In Times of War by Bluemeany I had a little bit to do with the inception of this fic, but OMG, what Bluemeany has done with it! Basic premise: It’s 20 years after Canon and suddenly Starfleet is motivated to get rid of anyone involved in the events of “In the Pale Moonlight.” So basically Bashir and Garak have targets on their backs. Also: Bashir has been living on Cardassia for years (minus involvement with Garak) and is jaded as f*ck, playing Garak to a Cardassian Julian OO Agent. Posted so far: 10/12. (I think there is a second story coming after this.)

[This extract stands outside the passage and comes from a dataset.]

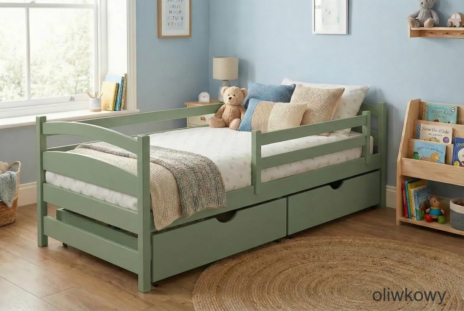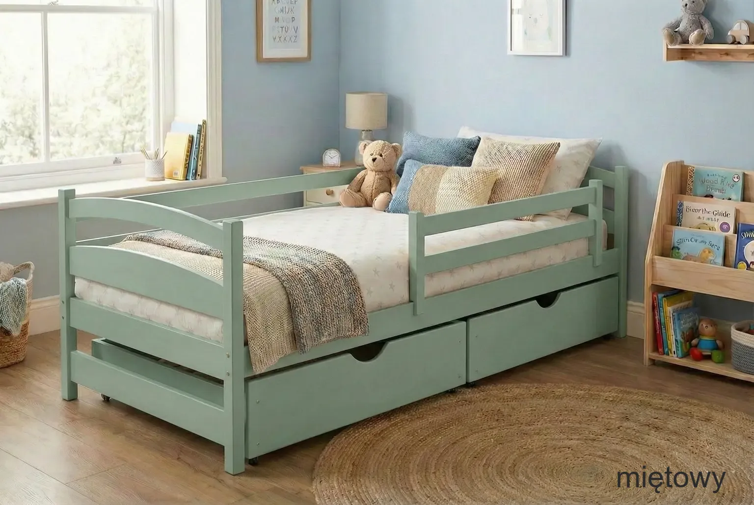 Nasze łóżka wyróżniają się nie tylko doskonałym wykończeniem, lecz także innowacyjną, mobilną barierką zabezpieczającą dzieci podczas snu.

The Viewless Winds by StoplightDelight Because I’m a bad person (jk) I kept checking this fic just to see when Garak and Worf showing up at Internment Camp 371... but as things have progressed I’ve stopped just “scanning” and slowed down. Holy moly, this is great storytelling, with great care and thought put into the details of the camp, plus a lot of medicine and anatomy (there are footnotes). This fic is enormous (370,000 plus words) and still growing, could be a million words if the canon part gets written too! Posted so far: 67/?
What We May Be by Ameera and NoOneKnowsIWriteThis Epic age-swap Garashir with Bashir a middle-aged, divorced doctor and Garak a young OO agent, posing on DS9 as a tailor. So far it seems that the story is going to run from beginning to end of the show. Posted so far: 48/?.
OK, people, now you have like 2,000,000 words (no, I didn’t count) of Garashir to read, if you haven’t.  Start with whichever one sounds best to you.